Do the above routine for around 3 to 5 minutes then proceed to the full Corpse Pose.
Full Corpse Pose
- Step 1: After doing the resting preparation, remove the chair at the end of the yoga mat.
- Step 2: Lie on the yoga mat, flat back, arms slightly spread on the side with palms facing upward, and fully extend the legs that are also evenly apart.
- Step 3: Take a deep breathe. With closed eyes, keep your focus on staying awake, stopping thinking of anything, and relax as you meditate at the same time. Your head should be kept still and not leaning to the sides as you do the Corpse pose.
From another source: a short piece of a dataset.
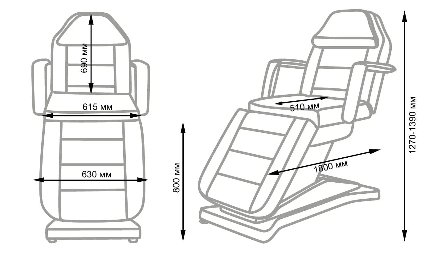 Комплектация: каркас с широким основанием на подпятниках, сиденье, спинка с вырезом для лица и съемным подголовником, мягкий элемент для ног, съемные подлокотники, электропривод (3 мотора).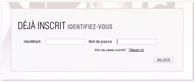 Une nouvelle page vous invite à inscrire votre Nom, Prénom (sans accent) et Email (celui que vous avez utilisé lors de votre inscription). Pour les abonnés Freebox : Si vous obtenez l’erreur « Non reconnu », veuillez reporter le même nom / prénom que sur votre facture (Majuscule / minuscule identique). Validez.

This yoga asana is best done for around 3-5 minutes.
The Power of Rest
The day-to-day grind is surely tiring. Whether you work on a blue-collar job or sitting for long hours, it will always be physically battering. Aside from that, emotional and mental stress will always be part of our daily living.
That’s why relaxation and rest are really important for everyone. With proper rest and relaxation, mood shifts to a better state thus improving the creativity and productivity of a person.
Take time to ponder on this. Even in music, rest is a vital part as it adds beauty to the whole piece. So thus in doing Yoga. you do not just stress and stretch your body. You also take time to rest the muscles to heal and become stronger.
Lastly, as the main focus of yoga, the meditation practice involved in doing Corpse pose helps a lot in giving you an outlet. Doing Savasana helps in relieving stress and anxiety and thus the flow of positive energy keeps going within oneself.
So yogins, always see to it you are getting enough and proper rest from time to time. Enjoy doing Savasana!